I don’t know if these factors go into explaining why there isn’t one big con in Massachusetts, but there really doesn’t seem to be. 600-800 people is about the biggest con I’ve been to (Vericon at Harvard).
Sorry that I misunderstood about the Avalon Hill games. Still, to me, Acquire coming back is very cool.
Lee
Allan, I was referring to conventions that were almost exclusively of type X. Some of the cons up here advertise that they do other things, but when you show up you’ll find like 3 guys in a room calling it the “board game room†at a con that specializes in LARPs and costuming.
That sounds like the “game room” efforts of a few non-gaming cons out here. For a few years, WonderCon – a rather large comic con – has tried to foster a gaming section of the show, with rather pathetic results. There’s also an anime con at the end of May, the same weekend at KublaCon, that tries to get gamers to come out their way instead. I’ve said this on the show before: if you’re in the same locale as a growing local convention, such as KublaCon in this case, support it! Don’t be an idiot and poach gamers to fill out your non-gaming show – focus on your strengths and build your community, instead of weakening the gaming community with your feeble efforts. The two shows are less than an hour’s drive apart, for cryin’ out loud!
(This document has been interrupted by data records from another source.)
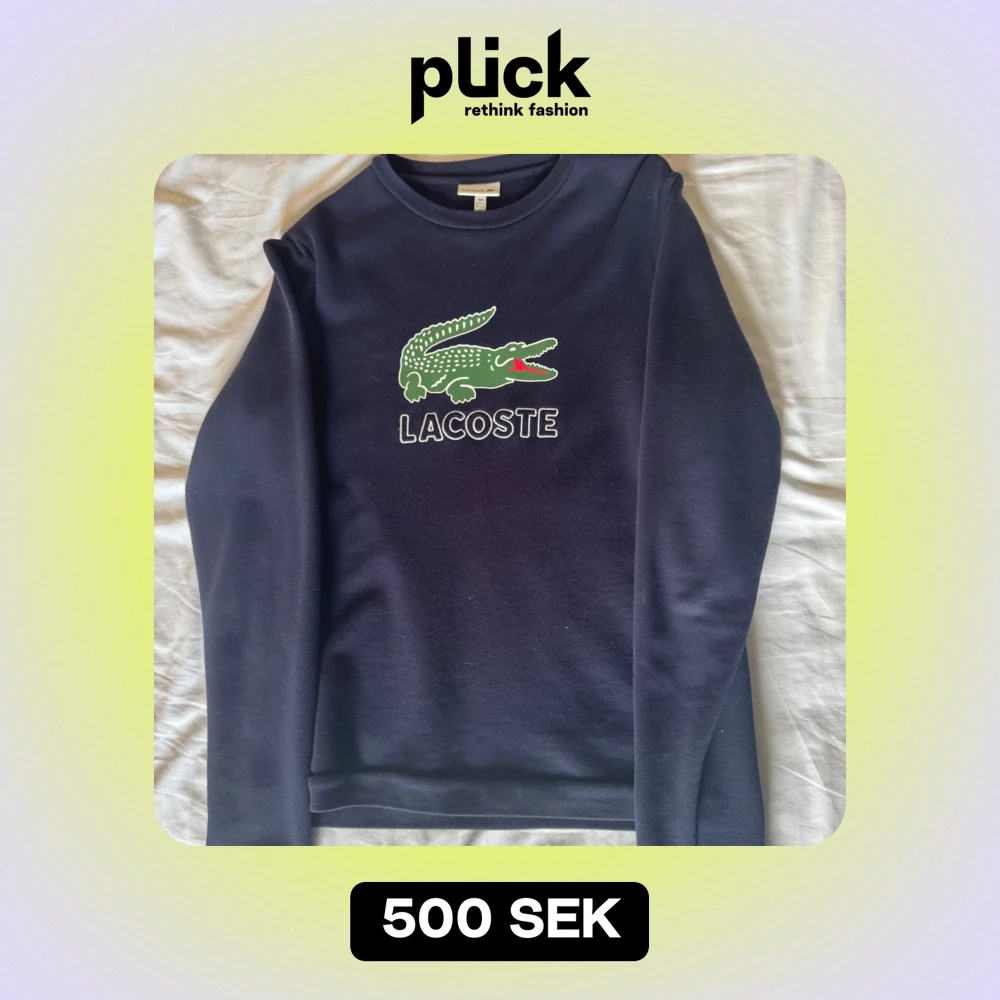 Säljer en snygg mörkblå tröja från Lacoste med det klassiska krokodilmärket på bröstet. Tröjan är i bomull och polyester, vilket gör den både bekväm och hållbar. Den är i storlek 164 men passar som en xs/s😊
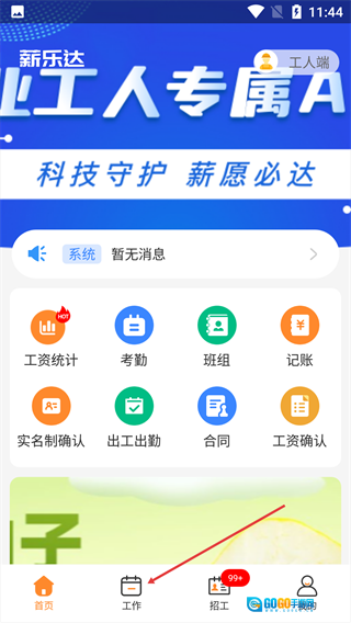 1、点击底部的【工作】按钮,进入工作功能页面。
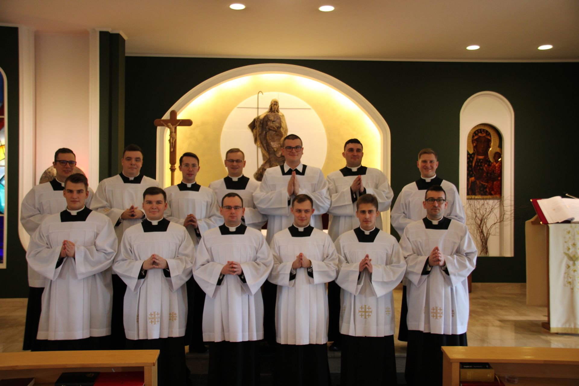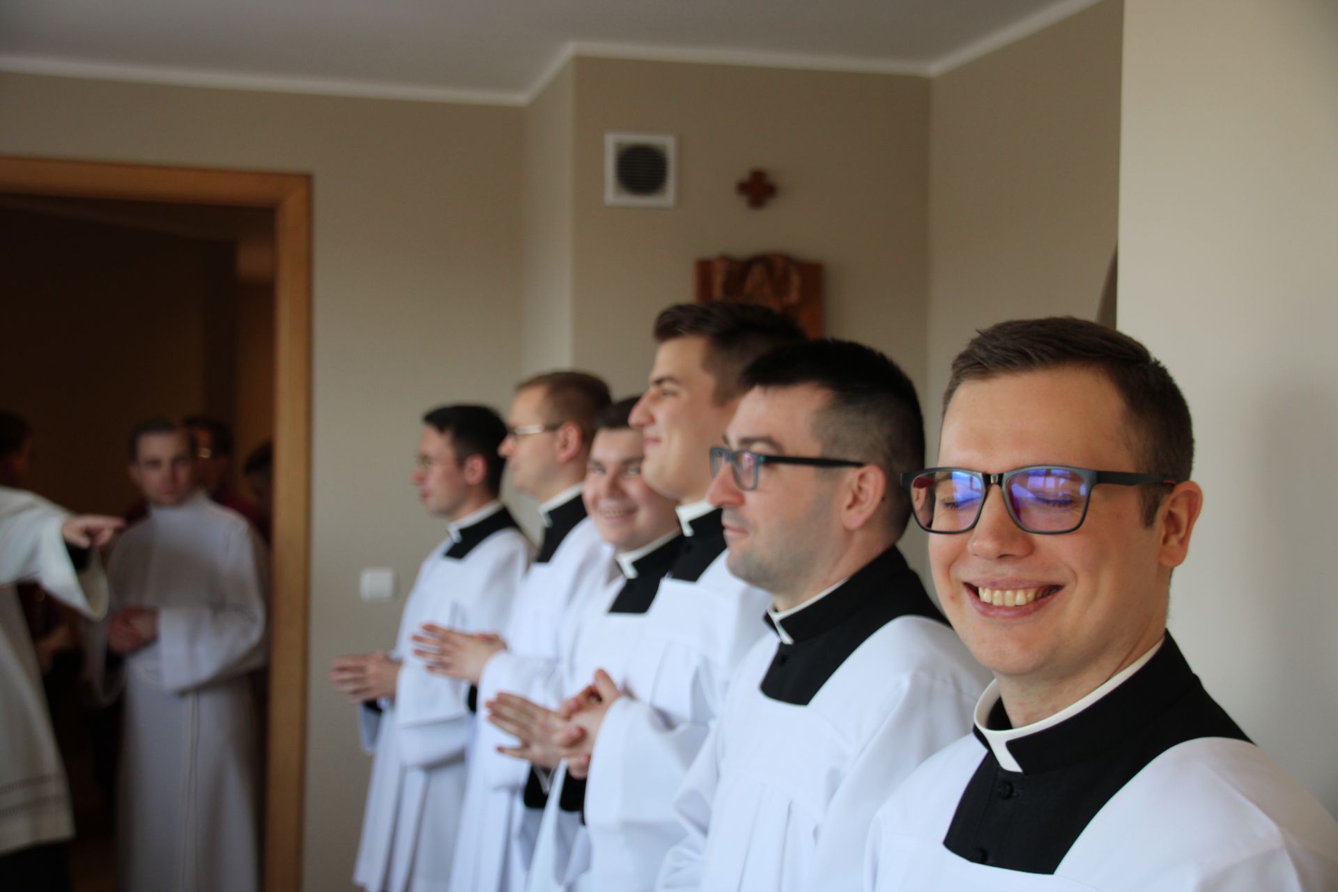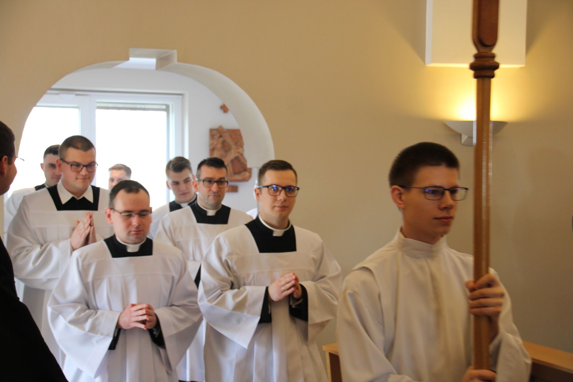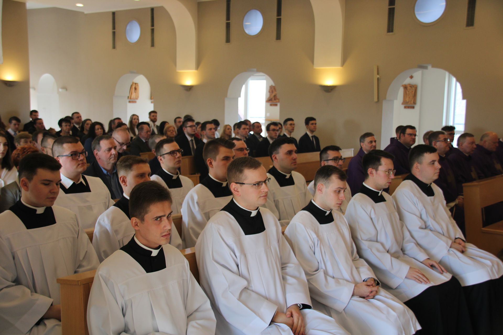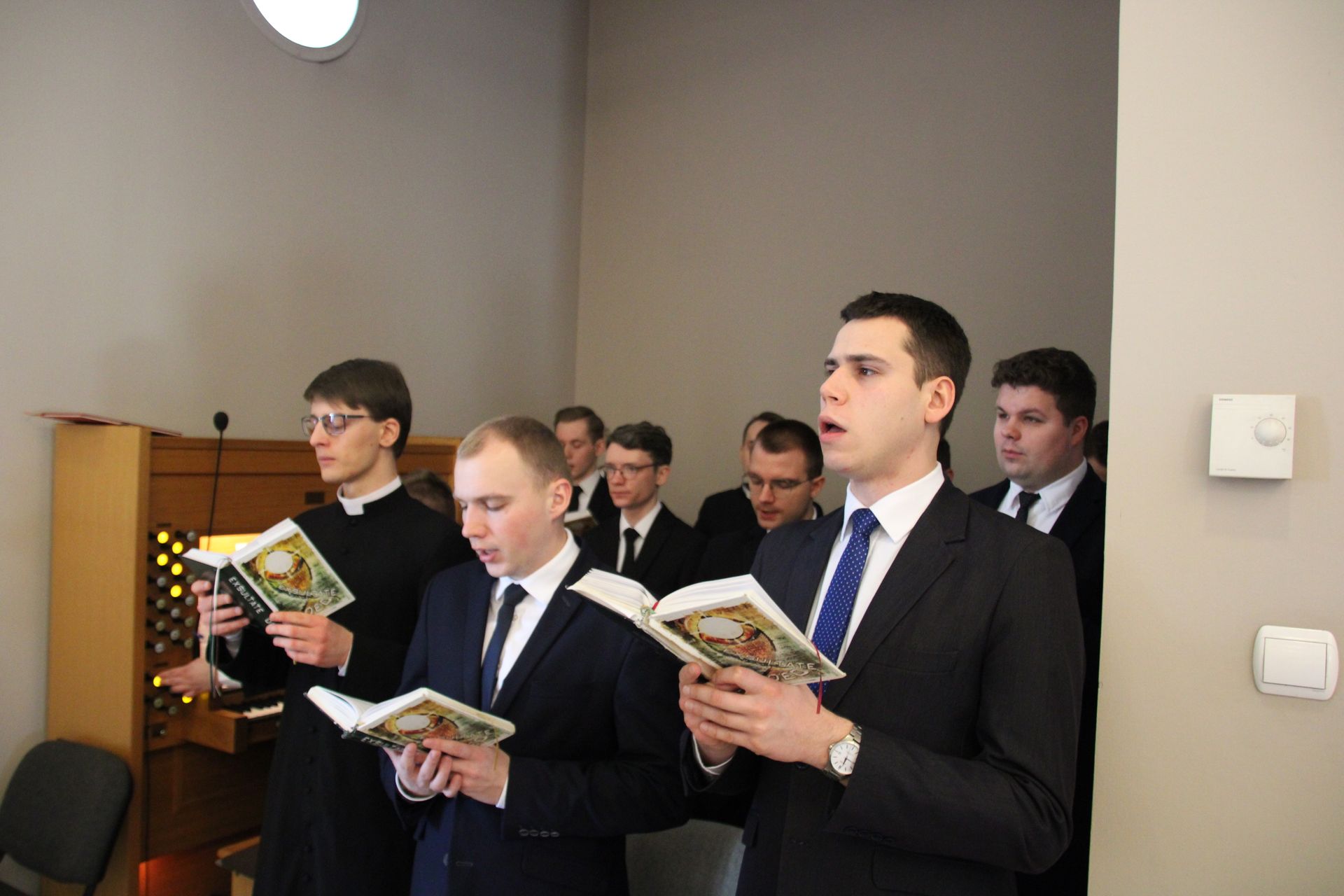 26 listopada, kilka dni po liturgicznym wspomnieniu św. Cecylii, która jest patronką muzyki kościelnej, przeżywaliśmy w naszej wspólnocie seminaryjnej wybudzenie i poświęcenie nowych organów. Z tej okazji gościliśmy w naszym domu JE abp. Zbigniewa Zielińskiego metropolitę poznańskiego oraz byłych kantorów seminaryjnych. Eucharystii, podczas której nasze organy zostały wybudzone, przewodniczył abp Zbigniew wraz z gośćmi oraz naszymi moderatorami. Podczas homilii wspomniał o kończącym się już Roku Jubileuszowym oraz zachęcił, abyśmy w nowym roku liturgicznym i formacyjnym pod hasłem uczniowie-misjonarze potrafili wychodzić jak misjonarze do ludzi z nadzieją, którą podczas tego Roku Jubileuszowego nabraliśmy i byli jej znakami w tym świecie. Po wygłoszonej homilii JE abp. Zbigniew wybudził, poświęcił oraz okadził nasze organy. Po skończonej Eucharystii udaliśmy się na refektarz, gdzie podziękowaliśmy naszym gościom za przybycie i danie świadectwa o tym, że muzyka jest nieodłączną częścią liturgii. Po zakończonej modlitwie, dalszy ciąg świętowania miał miejsce na refektarzu, gdzie czekała na nas gotowa kolacja, którą wspólnie spożyliśmy, a następnie mogliśmy wrócić do kaplicy, gdzie wysłuchaliśmy koncertu, pt. "Laudate Dominum" naszej seminaryjnej scholi "Inclina Aurem". Większość koncertu miała na celu pokazać możliwości naszego nowego instrumentu muzycznego, lecz znalazł się także moment, w którym mogliśmy wysłuchać naszej scholi. Koncert odbył się w następującym porządku: Preludium w klasycznym stylu Gordona Younga (wyk. kl. Bartłomiej) Toccata i fuga d-moll Jana Sebastiana Bacha (wyk. kl. Bartłomiej) Preludium c-moll op. 28 Fryderyka Chopina (wyk. kl. Marcel) Ave Maria Franza Schuberta wykonany przez duet organowo - skrzypcowy (wyk. kl. Marcel (organy) i kl. Franciszek (skrzypce) Laudate Dominum Ciro Grassiego (wyk. Inclina Aurem) Toccata Georgiego Mushela (wyk. Tomasz Kramer) Dziękujemy wszystkim, dzięki którym mogliśmy świętować uroczyste wybudzenie organów, w szczególności pragniemy podziękować JE abp. Zbigniewowi Zielińskiemu oraz firmie, która te organy dla nas znalazła, sprowadziła i zbudowała. Jesteśmy wdzięczni także wszystkim, którzy byli w tym dniu z nami. Prosimy również o modlitwę, aby te organy służymy wielu następnym pokoleniom i wspomagały ich w modlitwie w tej kaplicy. Zdjęcia za: Arcybiskupie Seminarium Duchowne

You aren’t a gaming show – go siddown.
I have no problem with non-gaming shows setting up some space for games. But when they actively claim the show is partially about games, that’s when I call foul. Especially when it pulls attendees away from a legitimate gaming show.
A&A is on my “to buy list” even at $100 MSRP. Adding the Italians is pretty huge…
I think you mentioned Shorecon in the podcast: unfortunately, Shorecon, the South Jersey con run by Double Exposure was no more (not run in 2007). Dexcon is DEs major con, but they seem to have scaled back a bit in 2008, not running Spring Gathering, which had run for a while.
One thing that’s going to be interesting to watch in 2009 is the changes from Living Greyhawk to Living Realms for RPGA gaming. Living Greyhawk’s regional system gave exclusive regional events to geographic regions of the US. Lots of Northeast players traveled around from regional con to regional con (Keoland ones in NJ, NY, and PA, Bissel ones in New England, Geoff ones in VA and MD.) to get all the play in they could with their various PCs.
Living Realms will have regions, but less of them and there will apparently be no regional exclusivity mapped to the real world. So you can play the same games in PA as VA or CA, greatly reducing the interest in travel, which helped support, I think, a great many local cons (like MEPACON, for instance) for whom Living Campaign RPGA play is a major draw.
Just wanted you to know, I had just turned on your podcast when my two-year old walked into my home office with an arm full of toys. He heard the music playing, set down the toys, and proceeded to have himself a dance party. When you guys actually started talking he angrily pointed to the computer and said “Again!”
So don’t listen to the naysayers. You guys rock with the toddler crowd.
ME
Sweet! We can speak to gamers of any age. Or at least get them dancing. 🙂
And what’s this about naysayers? I thought we had them all drawn and quartered…
Fantasy Flight just announced the launch of its Dark Heresy RPG website, right here. There’s errata and such, and goodies formerly from the GW site.